◆ TASK TO CARRY OUT
All that should be output is the block of lines below from the line with "알이티하드 대 알아흘리" to the line with "中国农业大学夏兆飞教授、湖南", both included, exactly as written.

◆ INFORMATION
== Segment start ==
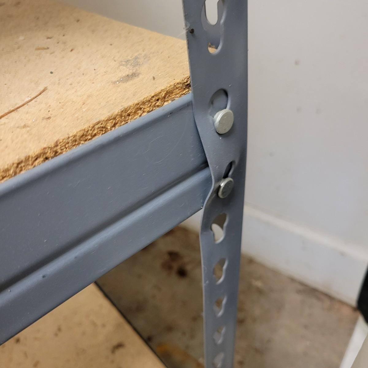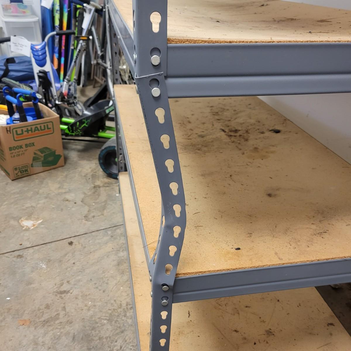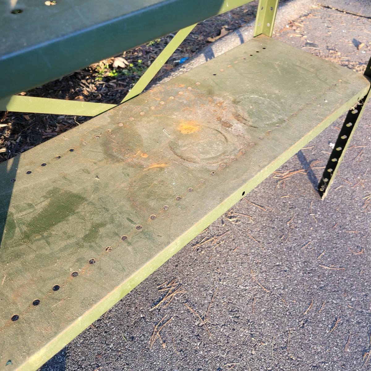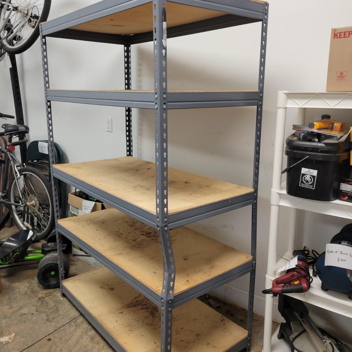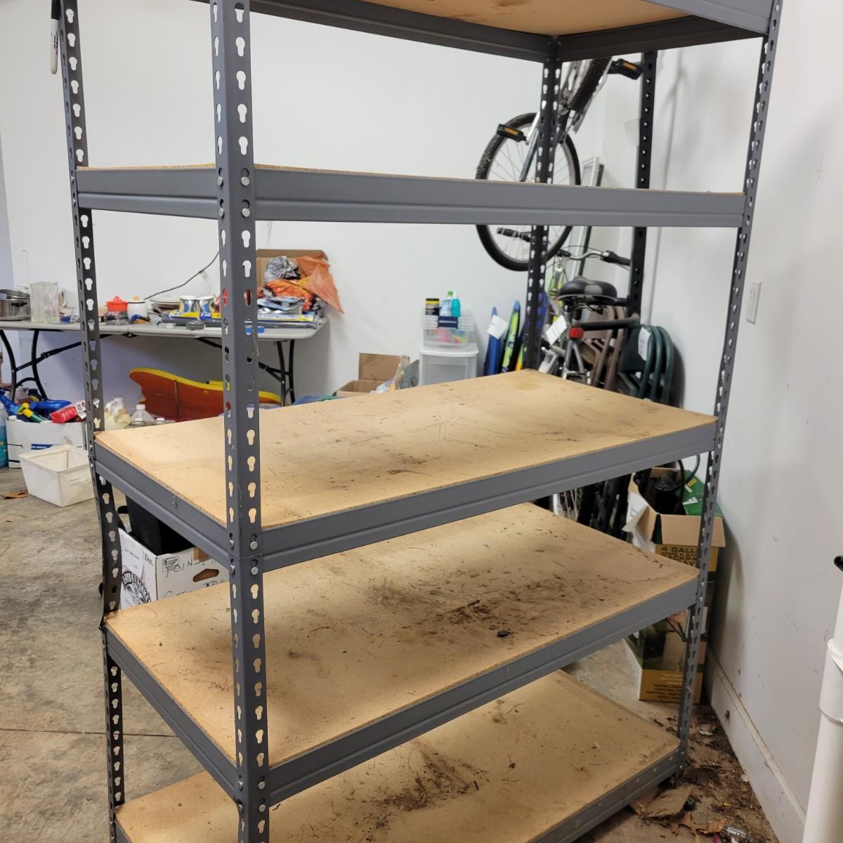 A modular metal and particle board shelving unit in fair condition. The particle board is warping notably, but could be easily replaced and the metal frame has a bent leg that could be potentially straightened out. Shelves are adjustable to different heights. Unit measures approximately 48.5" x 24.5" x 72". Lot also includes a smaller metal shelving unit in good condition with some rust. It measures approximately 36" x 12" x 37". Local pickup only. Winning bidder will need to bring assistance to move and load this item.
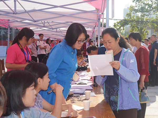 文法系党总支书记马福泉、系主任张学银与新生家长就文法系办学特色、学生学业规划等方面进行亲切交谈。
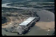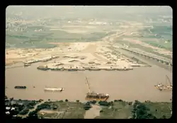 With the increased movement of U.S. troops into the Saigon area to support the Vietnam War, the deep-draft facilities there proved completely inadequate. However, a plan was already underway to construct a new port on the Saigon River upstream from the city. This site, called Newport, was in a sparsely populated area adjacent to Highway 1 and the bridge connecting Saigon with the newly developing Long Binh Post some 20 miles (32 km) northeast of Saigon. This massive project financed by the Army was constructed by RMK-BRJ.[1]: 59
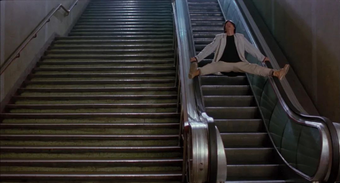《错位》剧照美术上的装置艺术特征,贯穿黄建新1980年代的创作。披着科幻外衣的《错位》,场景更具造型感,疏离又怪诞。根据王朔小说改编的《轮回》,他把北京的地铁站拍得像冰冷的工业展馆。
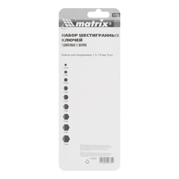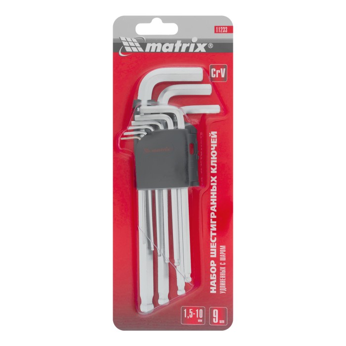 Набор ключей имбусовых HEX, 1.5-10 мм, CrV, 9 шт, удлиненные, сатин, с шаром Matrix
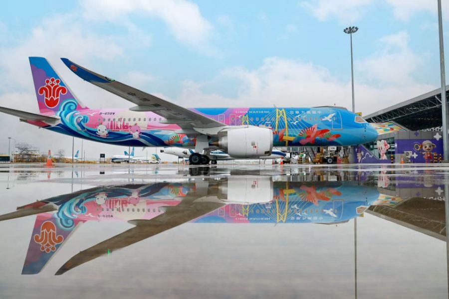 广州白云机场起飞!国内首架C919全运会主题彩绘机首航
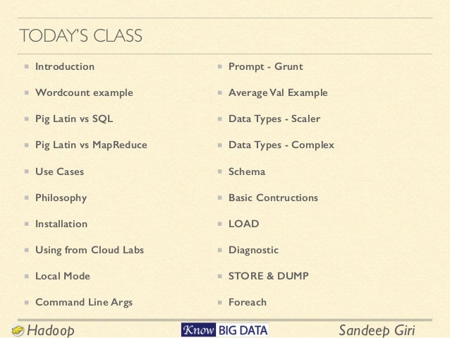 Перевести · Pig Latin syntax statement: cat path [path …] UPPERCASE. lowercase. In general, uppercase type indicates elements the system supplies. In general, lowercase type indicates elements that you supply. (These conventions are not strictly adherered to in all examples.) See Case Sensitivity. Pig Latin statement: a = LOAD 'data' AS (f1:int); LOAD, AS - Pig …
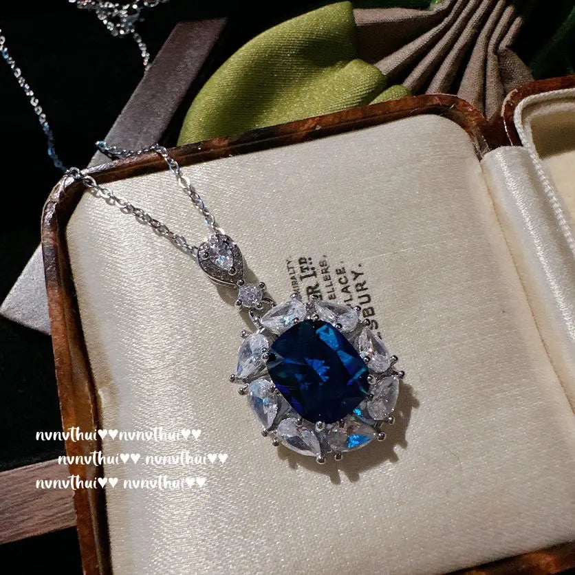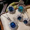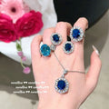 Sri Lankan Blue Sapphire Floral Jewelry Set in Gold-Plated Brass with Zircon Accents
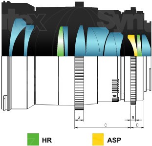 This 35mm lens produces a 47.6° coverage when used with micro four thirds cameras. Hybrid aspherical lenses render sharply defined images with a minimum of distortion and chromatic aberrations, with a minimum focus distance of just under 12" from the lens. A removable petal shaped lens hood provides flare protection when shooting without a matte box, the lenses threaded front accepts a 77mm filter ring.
== Segment end ==
== Segment start ==
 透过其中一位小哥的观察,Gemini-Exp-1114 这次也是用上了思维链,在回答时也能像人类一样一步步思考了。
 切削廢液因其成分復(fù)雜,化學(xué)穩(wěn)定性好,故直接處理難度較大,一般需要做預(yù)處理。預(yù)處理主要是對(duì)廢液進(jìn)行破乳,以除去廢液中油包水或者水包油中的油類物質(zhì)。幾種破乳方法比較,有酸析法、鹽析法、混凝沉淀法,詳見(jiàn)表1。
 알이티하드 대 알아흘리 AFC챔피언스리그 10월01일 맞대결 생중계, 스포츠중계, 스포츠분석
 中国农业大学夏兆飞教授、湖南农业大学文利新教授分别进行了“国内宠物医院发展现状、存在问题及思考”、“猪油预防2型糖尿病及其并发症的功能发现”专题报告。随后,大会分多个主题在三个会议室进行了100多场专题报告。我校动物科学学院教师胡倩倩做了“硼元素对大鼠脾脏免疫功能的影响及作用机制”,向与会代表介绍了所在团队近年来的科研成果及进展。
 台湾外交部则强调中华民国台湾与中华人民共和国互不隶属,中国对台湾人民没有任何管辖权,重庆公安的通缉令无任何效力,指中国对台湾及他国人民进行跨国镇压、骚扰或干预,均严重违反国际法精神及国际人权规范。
== Segment end ==
◆ COMPLETED TASK
 알이티하드 대 알아흘리 AFC챔피언스리그 10월01일 맞대결 생중계, 스포츠중계, 스포츠분석
 中国农业大学夏兆飞教授、湖南农业大学文利新教授分别进行了“国内宠物医院发展现状、存在问题及思考”、“猪油预防2型糖尿病及其并发症的功能发现”专题报告。随后,大会分多个主题在三个会议室进行了100多场专题报告。我校动物科学学院教师胡倩倩做了“硼元素对大鼠脾脏免疫功能的影响及作用机制”,向与会代表介绍了所在团队近年来的科研成果及进展。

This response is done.